[Opening Dataset entries section]

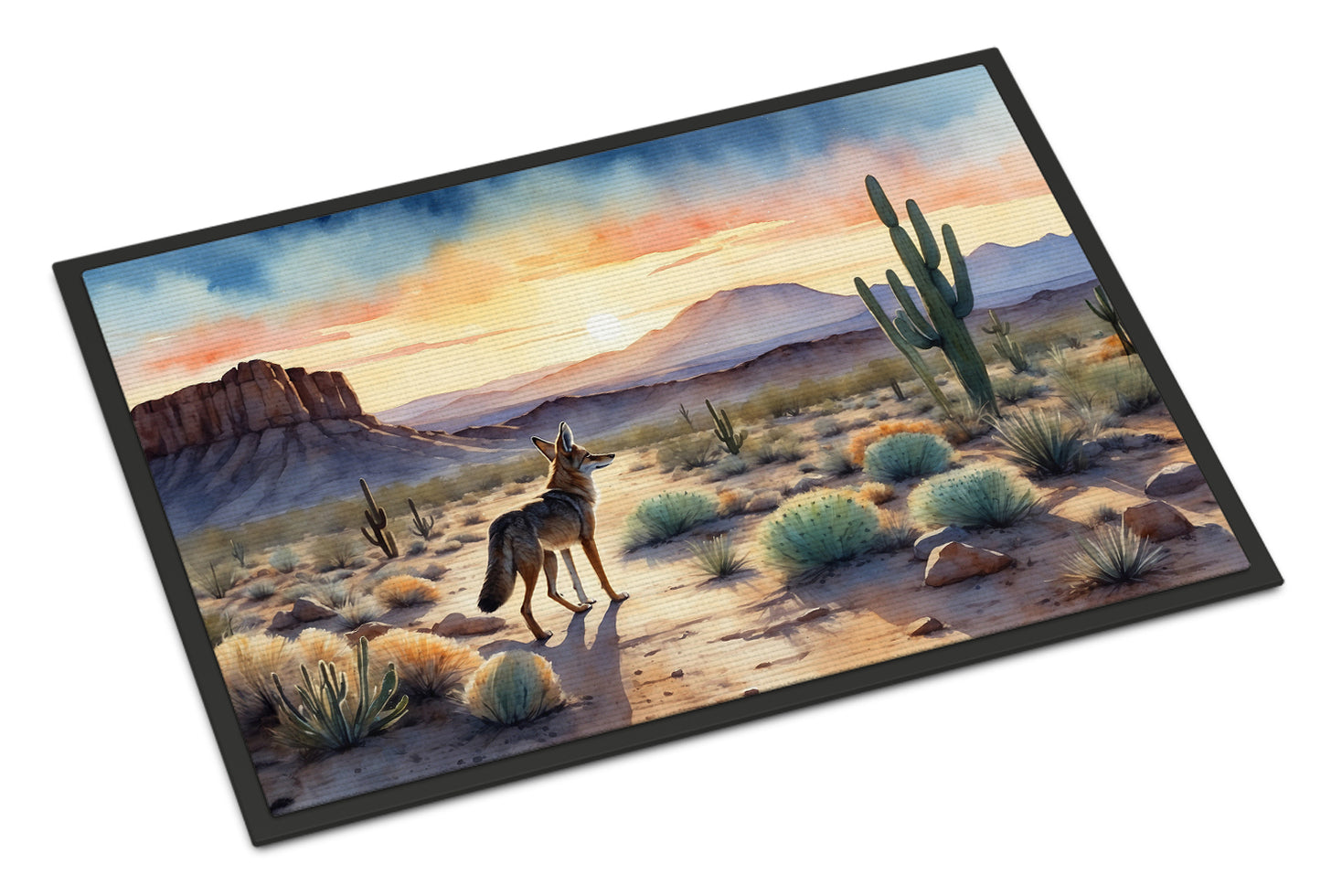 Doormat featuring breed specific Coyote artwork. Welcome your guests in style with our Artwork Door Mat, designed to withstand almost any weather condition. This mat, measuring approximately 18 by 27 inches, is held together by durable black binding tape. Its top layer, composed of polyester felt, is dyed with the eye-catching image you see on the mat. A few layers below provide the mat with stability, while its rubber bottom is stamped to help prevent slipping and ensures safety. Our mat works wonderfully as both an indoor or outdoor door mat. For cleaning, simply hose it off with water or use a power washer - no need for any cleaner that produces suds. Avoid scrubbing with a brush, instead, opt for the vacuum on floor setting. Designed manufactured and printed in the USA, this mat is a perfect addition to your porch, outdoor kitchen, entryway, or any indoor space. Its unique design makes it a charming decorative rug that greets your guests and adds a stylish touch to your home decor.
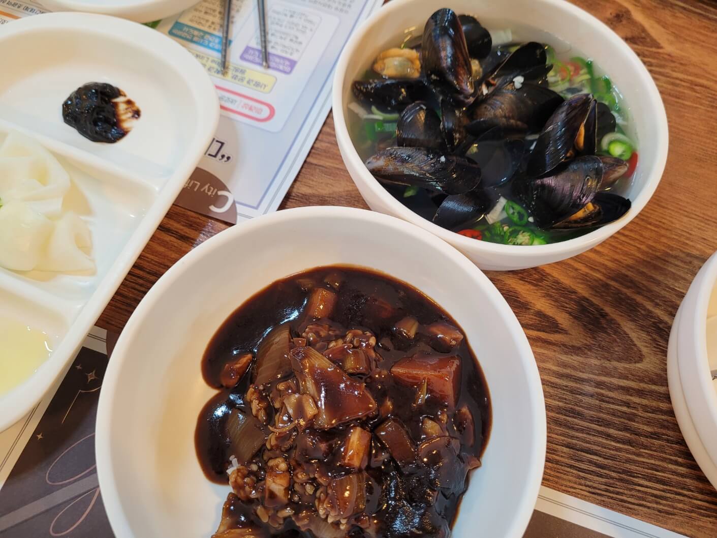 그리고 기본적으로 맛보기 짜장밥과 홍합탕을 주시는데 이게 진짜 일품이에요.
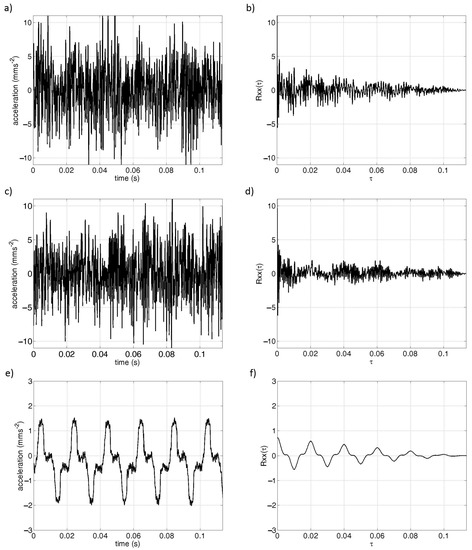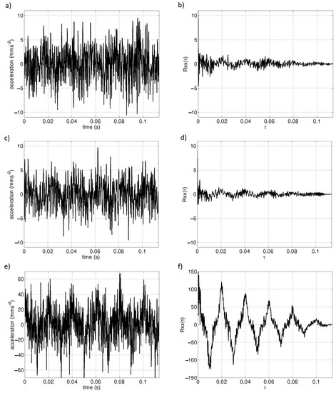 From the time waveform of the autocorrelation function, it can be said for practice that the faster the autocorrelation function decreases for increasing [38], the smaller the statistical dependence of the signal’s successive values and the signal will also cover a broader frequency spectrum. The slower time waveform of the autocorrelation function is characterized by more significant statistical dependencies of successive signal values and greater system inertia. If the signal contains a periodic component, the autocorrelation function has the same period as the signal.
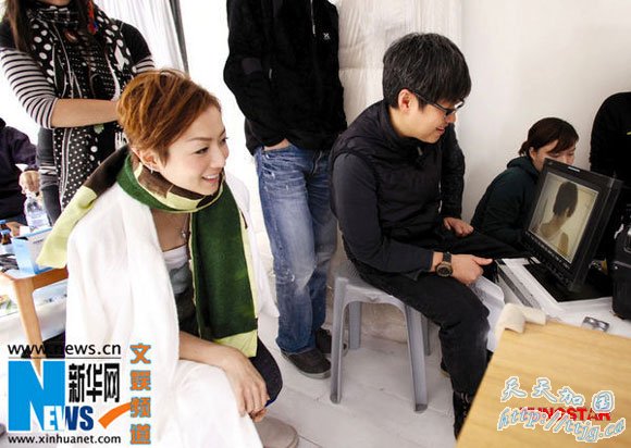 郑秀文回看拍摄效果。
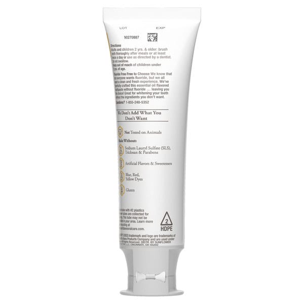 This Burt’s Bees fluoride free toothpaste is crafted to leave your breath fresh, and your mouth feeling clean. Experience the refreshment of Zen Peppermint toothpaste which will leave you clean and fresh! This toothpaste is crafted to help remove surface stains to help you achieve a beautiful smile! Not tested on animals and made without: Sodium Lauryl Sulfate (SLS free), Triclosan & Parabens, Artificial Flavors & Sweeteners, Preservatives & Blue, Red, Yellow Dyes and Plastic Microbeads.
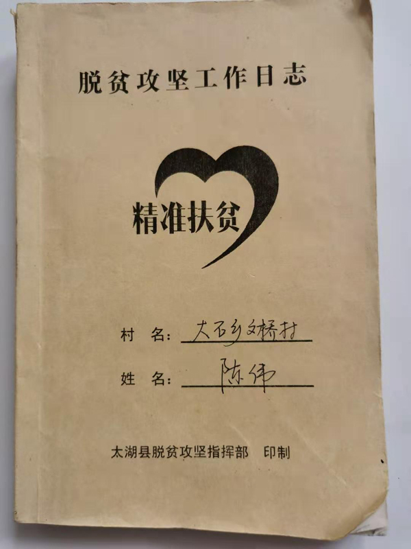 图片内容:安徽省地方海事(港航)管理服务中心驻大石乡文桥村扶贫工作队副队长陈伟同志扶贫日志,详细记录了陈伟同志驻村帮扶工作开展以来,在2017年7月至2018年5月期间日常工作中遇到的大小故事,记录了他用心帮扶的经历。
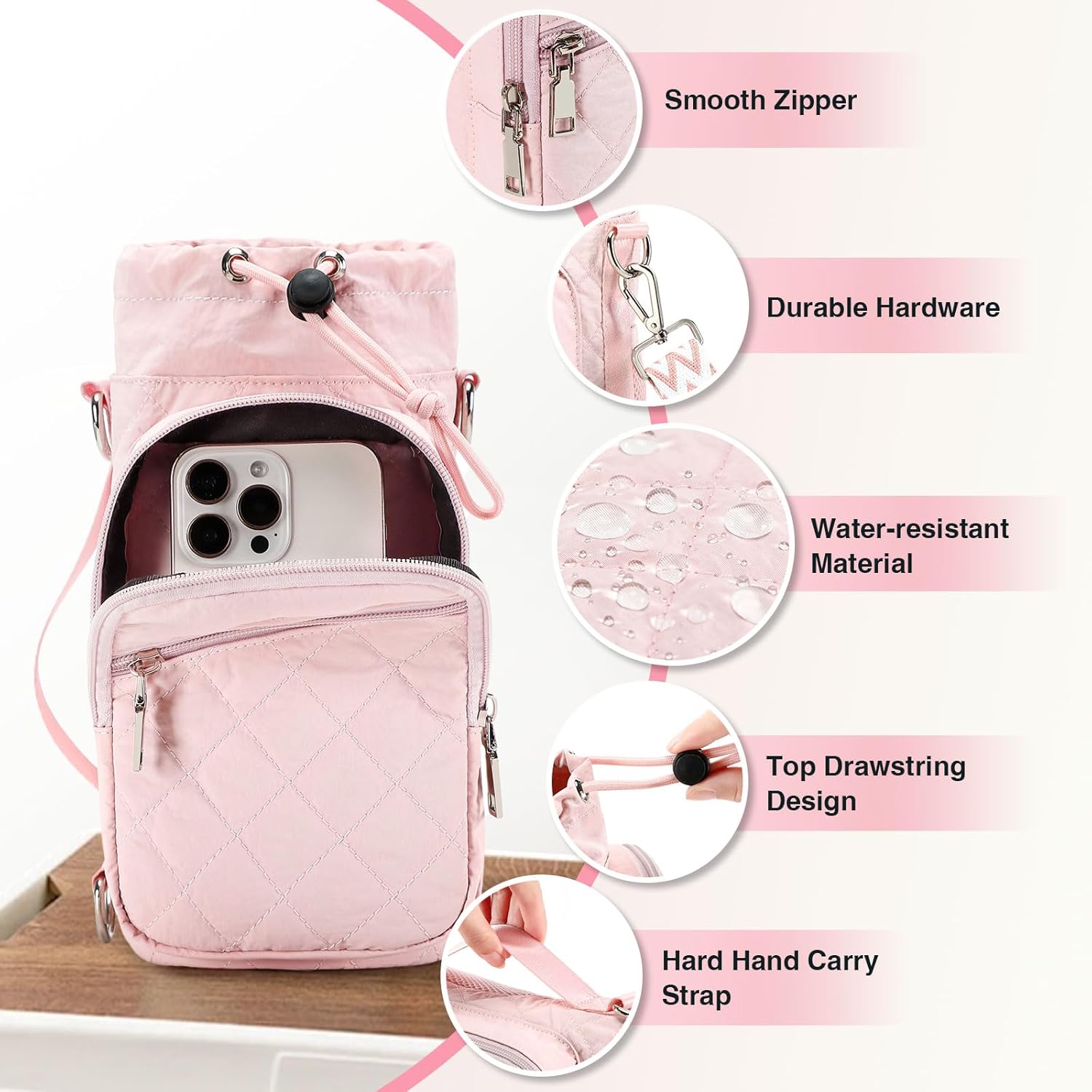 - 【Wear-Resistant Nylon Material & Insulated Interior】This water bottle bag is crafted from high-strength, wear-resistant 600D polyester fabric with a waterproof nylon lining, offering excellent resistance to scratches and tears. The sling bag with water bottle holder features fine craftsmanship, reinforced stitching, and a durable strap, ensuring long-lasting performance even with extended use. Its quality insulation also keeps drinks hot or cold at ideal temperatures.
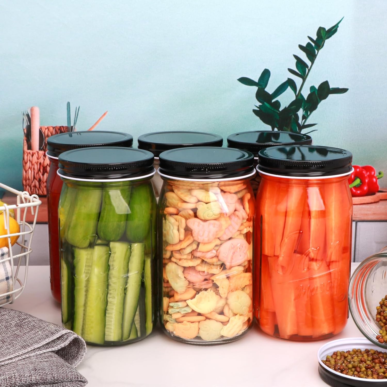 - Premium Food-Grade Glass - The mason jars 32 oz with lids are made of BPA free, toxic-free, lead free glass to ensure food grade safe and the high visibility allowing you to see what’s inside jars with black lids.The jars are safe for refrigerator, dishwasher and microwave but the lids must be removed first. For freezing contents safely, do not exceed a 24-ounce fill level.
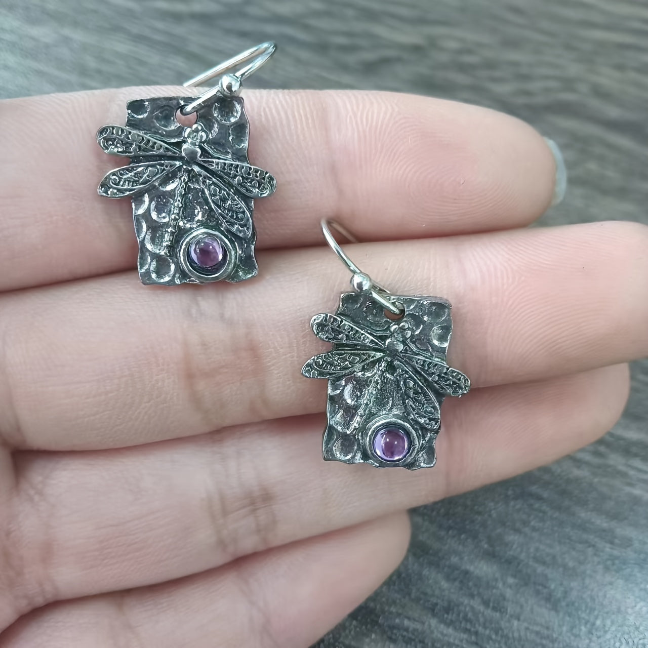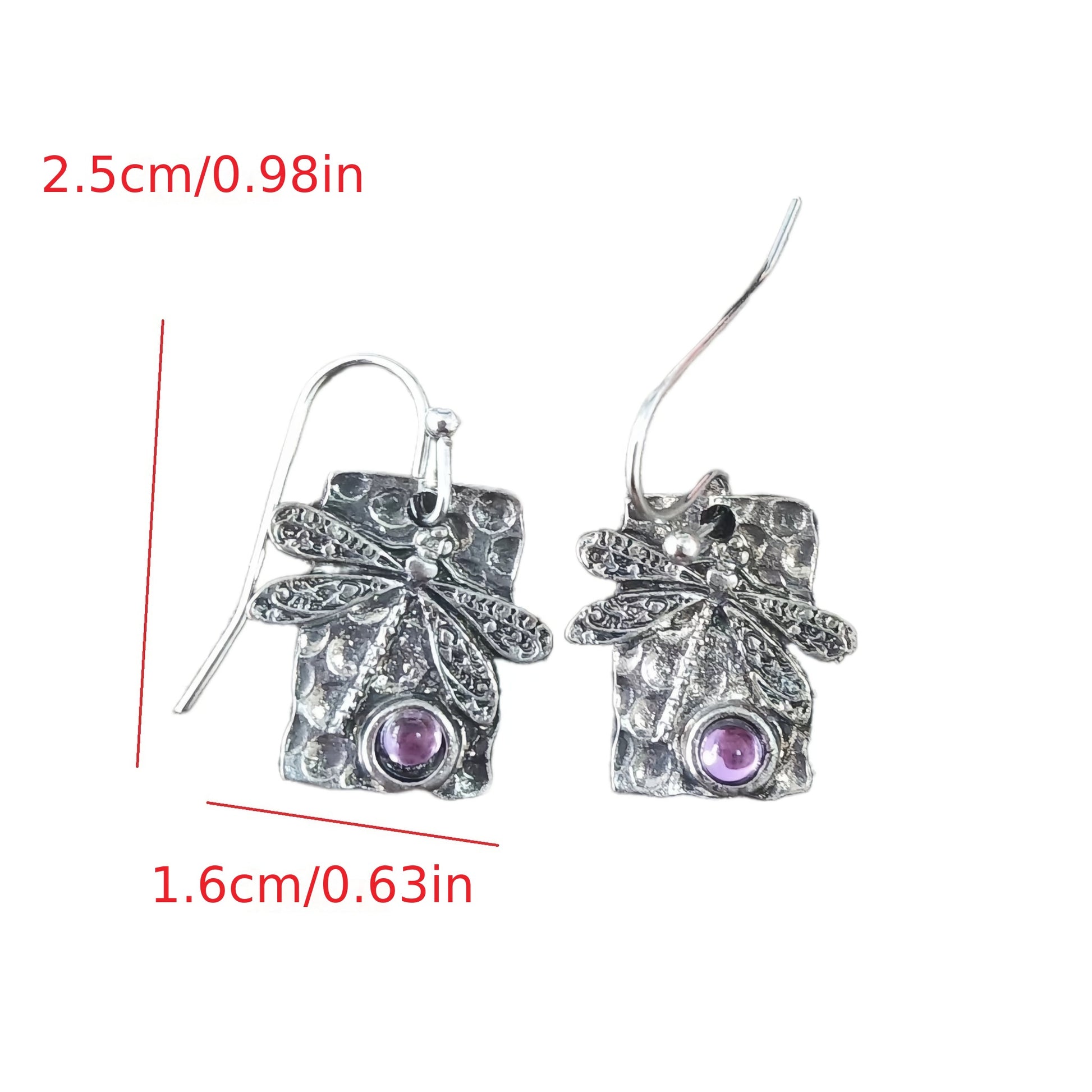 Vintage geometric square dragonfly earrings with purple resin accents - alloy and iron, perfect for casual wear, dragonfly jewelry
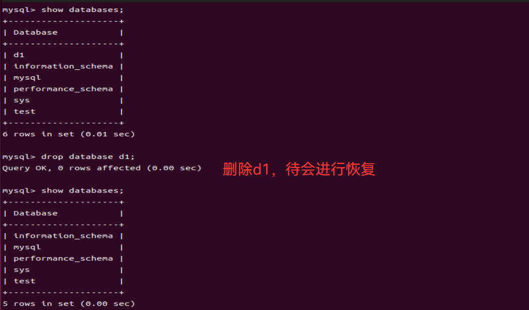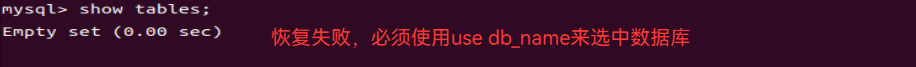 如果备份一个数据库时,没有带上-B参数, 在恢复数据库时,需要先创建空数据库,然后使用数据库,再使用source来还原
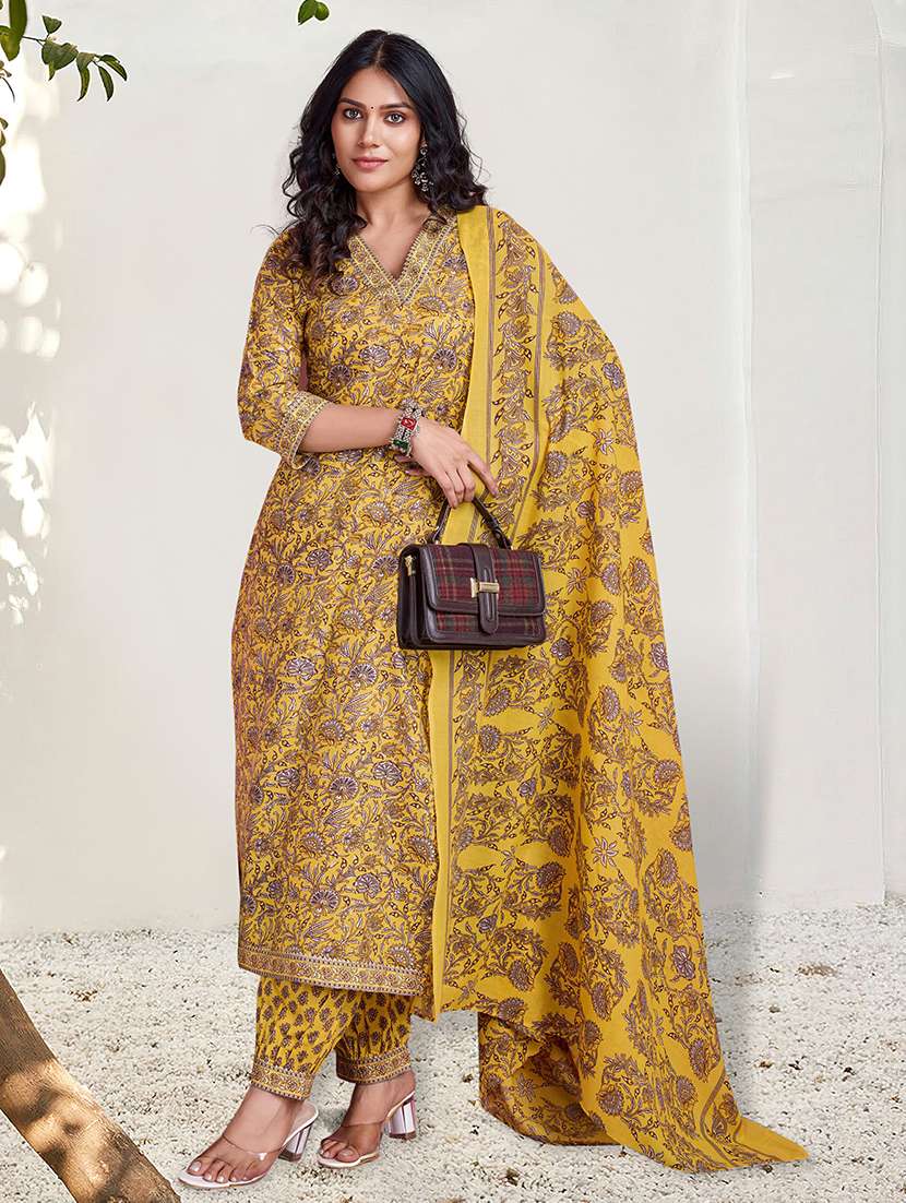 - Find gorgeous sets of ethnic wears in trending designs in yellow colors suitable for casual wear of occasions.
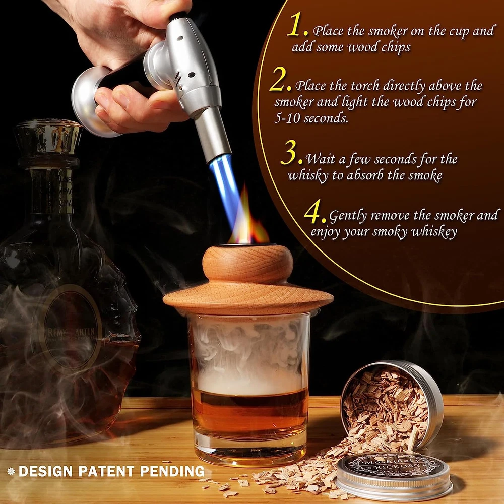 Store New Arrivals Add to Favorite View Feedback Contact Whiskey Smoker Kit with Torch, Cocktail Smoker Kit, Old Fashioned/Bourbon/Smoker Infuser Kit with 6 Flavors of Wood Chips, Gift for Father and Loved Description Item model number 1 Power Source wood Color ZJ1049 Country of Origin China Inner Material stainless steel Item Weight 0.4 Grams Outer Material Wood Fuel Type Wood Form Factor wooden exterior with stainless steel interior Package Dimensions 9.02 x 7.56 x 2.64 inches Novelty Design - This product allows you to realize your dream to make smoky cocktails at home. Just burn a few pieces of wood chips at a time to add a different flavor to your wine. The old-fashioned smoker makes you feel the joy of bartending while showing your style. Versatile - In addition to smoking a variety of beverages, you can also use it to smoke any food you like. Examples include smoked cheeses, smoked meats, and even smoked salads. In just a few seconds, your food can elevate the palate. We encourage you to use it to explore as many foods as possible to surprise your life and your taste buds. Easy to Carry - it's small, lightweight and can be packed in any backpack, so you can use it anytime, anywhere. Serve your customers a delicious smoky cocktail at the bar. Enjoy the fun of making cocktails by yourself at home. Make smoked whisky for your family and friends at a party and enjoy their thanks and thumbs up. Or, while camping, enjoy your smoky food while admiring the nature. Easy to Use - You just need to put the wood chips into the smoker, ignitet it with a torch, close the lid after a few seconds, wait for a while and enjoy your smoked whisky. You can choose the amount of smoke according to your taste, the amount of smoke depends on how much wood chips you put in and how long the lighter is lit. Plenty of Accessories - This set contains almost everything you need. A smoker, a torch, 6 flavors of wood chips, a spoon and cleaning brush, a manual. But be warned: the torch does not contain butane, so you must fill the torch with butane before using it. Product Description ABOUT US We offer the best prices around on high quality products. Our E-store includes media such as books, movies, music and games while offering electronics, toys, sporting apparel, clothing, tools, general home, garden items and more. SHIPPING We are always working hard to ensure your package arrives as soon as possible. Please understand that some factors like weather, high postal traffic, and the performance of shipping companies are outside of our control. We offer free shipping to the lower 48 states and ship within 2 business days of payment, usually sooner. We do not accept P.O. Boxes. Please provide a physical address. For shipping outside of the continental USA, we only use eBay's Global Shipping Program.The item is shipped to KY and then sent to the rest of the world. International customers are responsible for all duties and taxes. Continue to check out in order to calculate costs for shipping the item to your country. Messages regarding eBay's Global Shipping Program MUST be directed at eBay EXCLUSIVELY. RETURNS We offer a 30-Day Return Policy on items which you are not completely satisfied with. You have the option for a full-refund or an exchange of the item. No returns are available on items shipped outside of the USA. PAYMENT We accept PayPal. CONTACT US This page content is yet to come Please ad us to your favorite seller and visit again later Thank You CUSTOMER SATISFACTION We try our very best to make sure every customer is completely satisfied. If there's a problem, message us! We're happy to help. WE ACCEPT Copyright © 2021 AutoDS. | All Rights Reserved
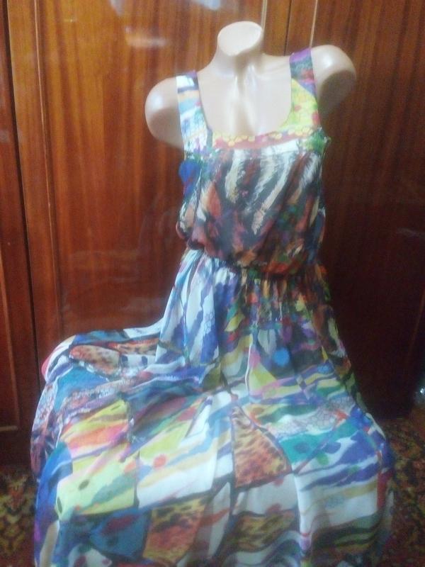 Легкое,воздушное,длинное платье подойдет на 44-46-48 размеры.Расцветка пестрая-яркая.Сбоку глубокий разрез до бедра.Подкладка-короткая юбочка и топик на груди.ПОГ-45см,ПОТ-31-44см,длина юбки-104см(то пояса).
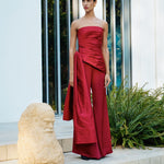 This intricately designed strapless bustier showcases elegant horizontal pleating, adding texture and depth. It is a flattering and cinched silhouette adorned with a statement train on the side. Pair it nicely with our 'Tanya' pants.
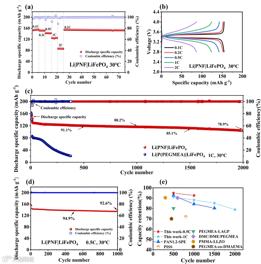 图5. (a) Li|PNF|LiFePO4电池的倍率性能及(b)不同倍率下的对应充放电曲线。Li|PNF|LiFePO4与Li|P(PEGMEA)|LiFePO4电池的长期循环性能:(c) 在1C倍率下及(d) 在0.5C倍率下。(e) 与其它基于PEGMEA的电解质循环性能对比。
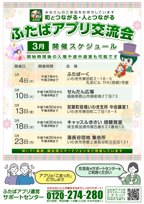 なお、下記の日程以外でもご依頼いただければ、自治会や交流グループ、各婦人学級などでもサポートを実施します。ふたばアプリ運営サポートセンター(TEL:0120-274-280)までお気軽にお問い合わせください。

[Closing Dataset entries section]

Give again, word for word, every line from the top of the data above to the line holding "그리고 기본적으로 맛보기 짜장밥과 홍합탕을 주시는데 이게 진짜 일품이에요.", inclusive, with the pictures left out.

 Doormat featuring breed specific Coyote artwork. Welcome your guests in style with our Artwork Door Mat, designed to withstand almost any weather condition. This mat, measuring approximately 18 by 27 inches, is held together by durable black binding tape. Its top layer, composed of polyester felt, is dyed with the eye-catching image you see on the mat. A few layers below provide the mat with stability, while its rubber bottom is stamped to help prevent slipping and ensures safety. Our mat works wonderfully as both an indoor or outdoor door mat. For cleaning, simply hose it off with water or use a power washer - no need for any cleaner that produces suds. Avoid scrubbing with a brush, instead, opt for the vacuum on floor setting. Designed manufactured and printed in the USA, this mat is a perfect addition to your porch, outdoor kitchen, entryway, or any indoor space. Its unique design makes it a charming decorative rug that greets your guests and adds a stylish touch to your home decor.
 그리고 기본적으로 맛보기 짜장밥과 홍합탕을 주시는데 이게 진짜 일품이에요.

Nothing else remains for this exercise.